++++ Study material ++++

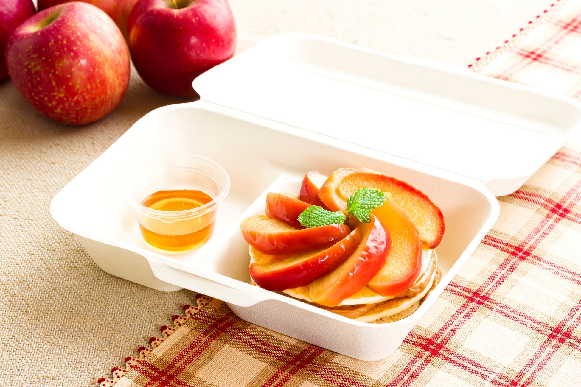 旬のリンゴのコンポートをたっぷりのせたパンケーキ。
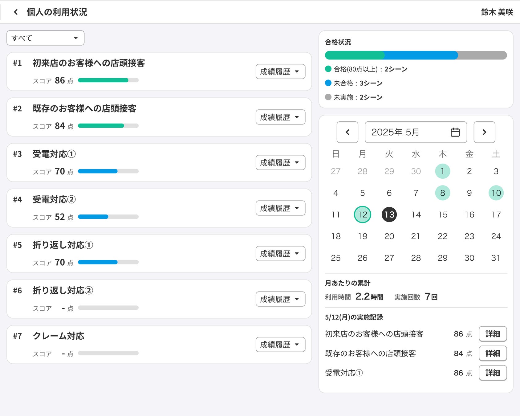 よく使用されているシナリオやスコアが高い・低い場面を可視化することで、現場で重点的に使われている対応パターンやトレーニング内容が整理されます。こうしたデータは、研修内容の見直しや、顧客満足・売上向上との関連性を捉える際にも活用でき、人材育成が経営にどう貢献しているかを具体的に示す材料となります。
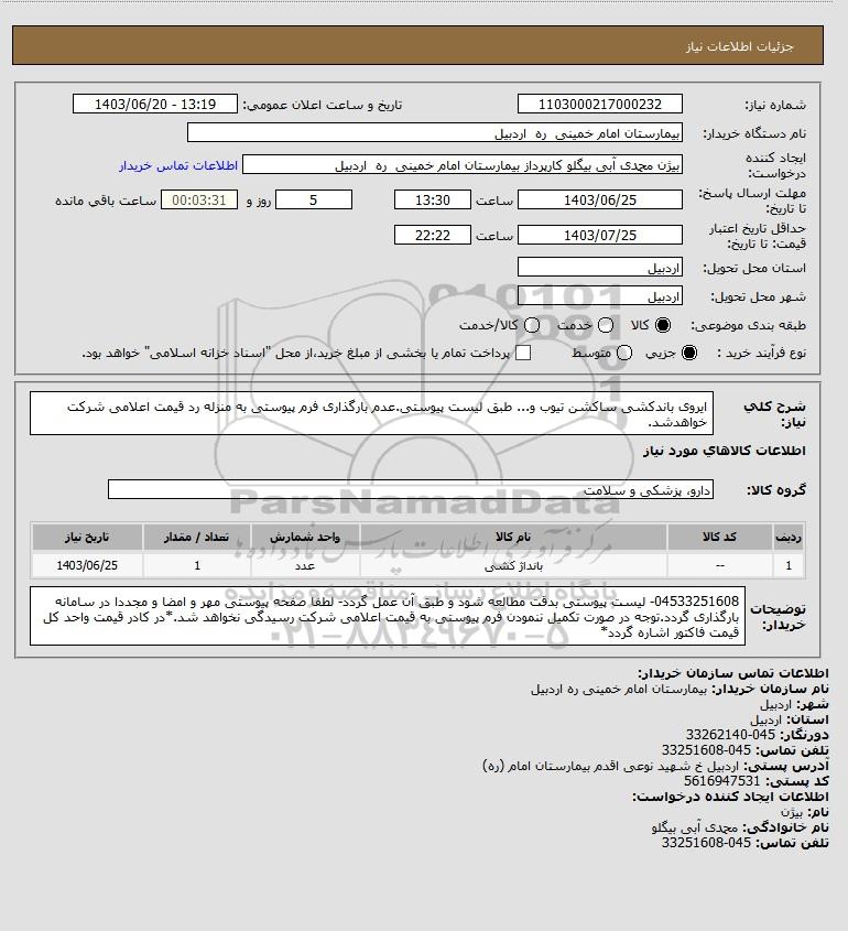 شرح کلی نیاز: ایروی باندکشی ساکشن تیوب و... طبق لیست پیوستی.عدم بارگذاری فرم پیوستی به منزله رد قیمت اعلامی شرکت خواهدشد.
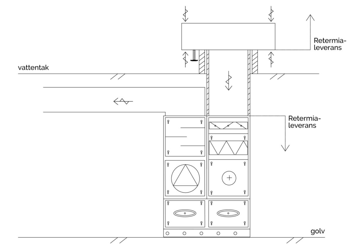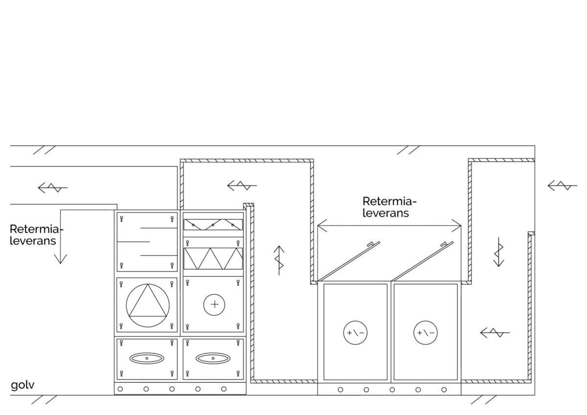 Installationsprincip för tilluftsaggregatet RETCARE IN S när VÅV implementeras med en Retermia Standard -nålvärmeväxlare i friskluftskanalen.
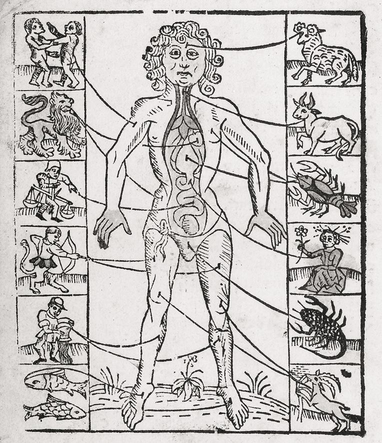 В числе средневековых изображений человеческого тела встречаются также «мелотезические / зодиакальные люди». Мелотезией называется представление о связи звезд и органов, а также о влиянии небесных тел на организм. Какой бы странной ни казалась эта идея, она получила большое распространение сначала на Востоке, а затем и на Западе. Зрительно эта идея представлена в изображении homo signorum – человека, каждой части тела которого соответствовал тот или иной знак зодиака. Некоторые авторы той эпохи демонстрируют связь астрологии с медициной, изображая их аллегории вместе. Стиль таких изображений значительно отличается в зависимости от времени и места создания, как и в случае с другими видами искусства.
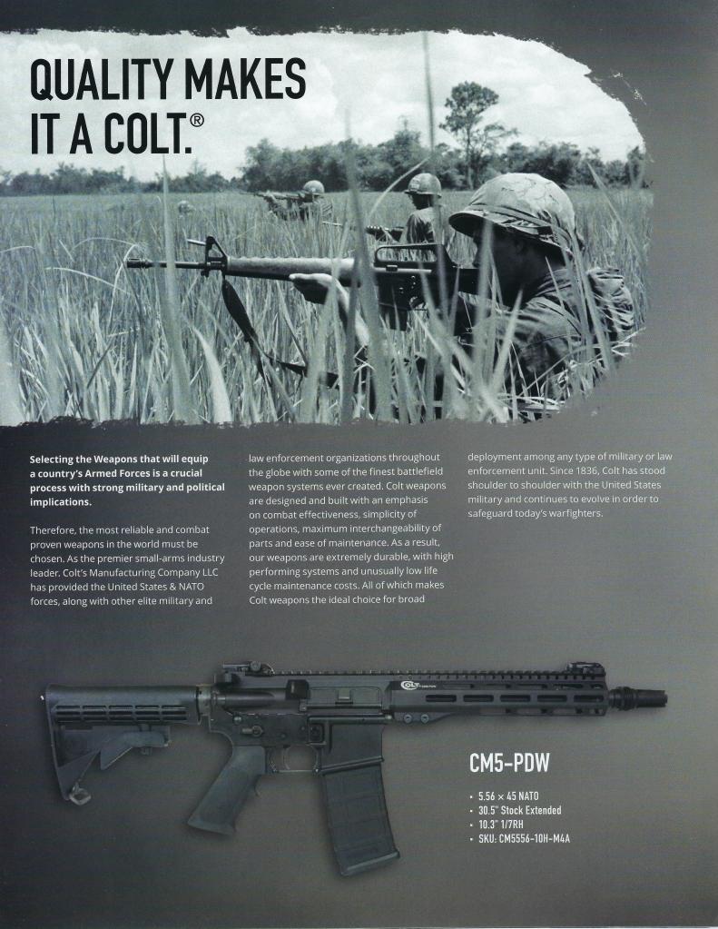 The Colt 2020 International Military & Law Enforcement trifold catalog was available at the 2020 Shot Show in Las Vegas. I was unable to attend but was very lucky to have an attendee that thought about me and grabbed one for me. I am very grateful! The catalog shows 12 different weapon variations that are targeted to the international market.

++++
++++ Study material ++++

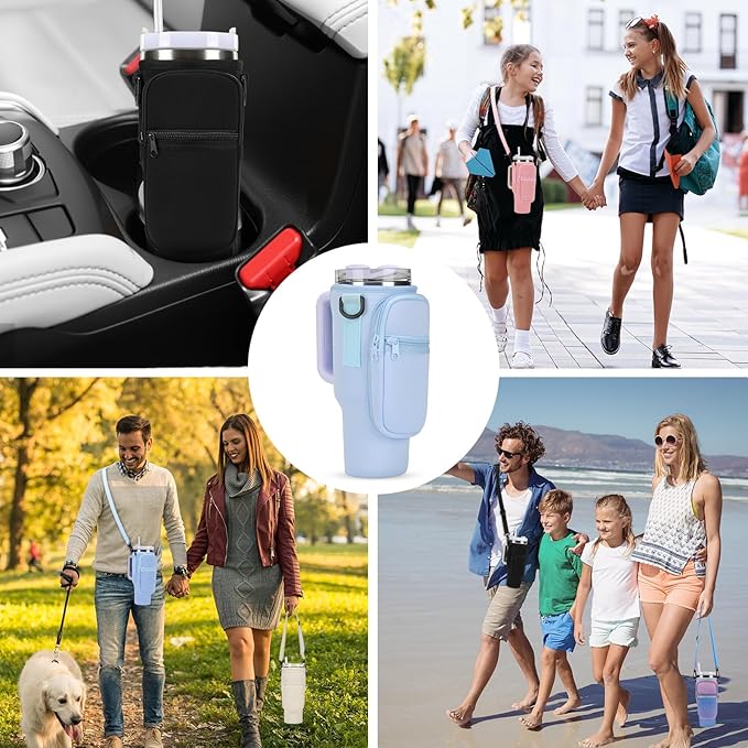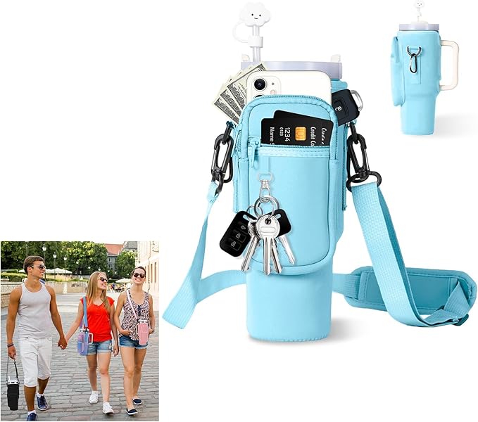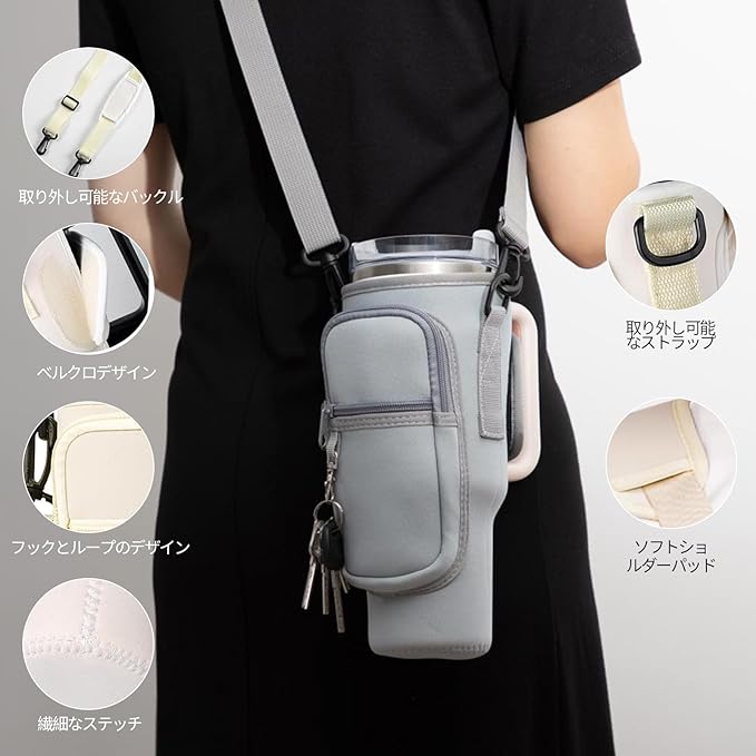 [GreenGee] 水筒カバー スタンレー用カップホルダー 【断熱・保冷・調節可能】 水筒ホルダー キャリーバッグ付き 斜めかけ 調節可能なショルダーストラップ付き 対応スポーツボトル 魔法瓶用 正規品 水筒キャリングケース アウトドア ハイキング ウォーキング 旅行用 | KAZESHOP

++++

**Work to complete**
Starting at the line containing "よく使用されているシナリオや" and stopping at the line containing "Installationsprincip för tilluftsaggregatet", output each line exactly as it appears above. Leave out the pictures.

**Written solution**
 よく使用されているシナリオやスコアが高い・低い場面を可視化することで、現場で重点的に使われている対応パターンやトレーニング内容が整理されます。こうしたデータは、研修内容の見直しや、顧客満足・売上向上との関連性を捉える際にも活用でき、人材育成が経営にどう貢献しているかを具体的に示す材料となります。
 شرح کلی نیاز: ایروی باندکشی ساکشن تیوب و... طبق لیست پیوستی.عدم بارگذاری فرم پیوستی به منزله رد قیمت اعلامی شرکت خواهدشد.
 Installationsprincip för tilluftsaggregatet RETCARE IN S när VÅV implementeras med en Retermia Standard -nålvärmeväxlare i friskluftskanalen.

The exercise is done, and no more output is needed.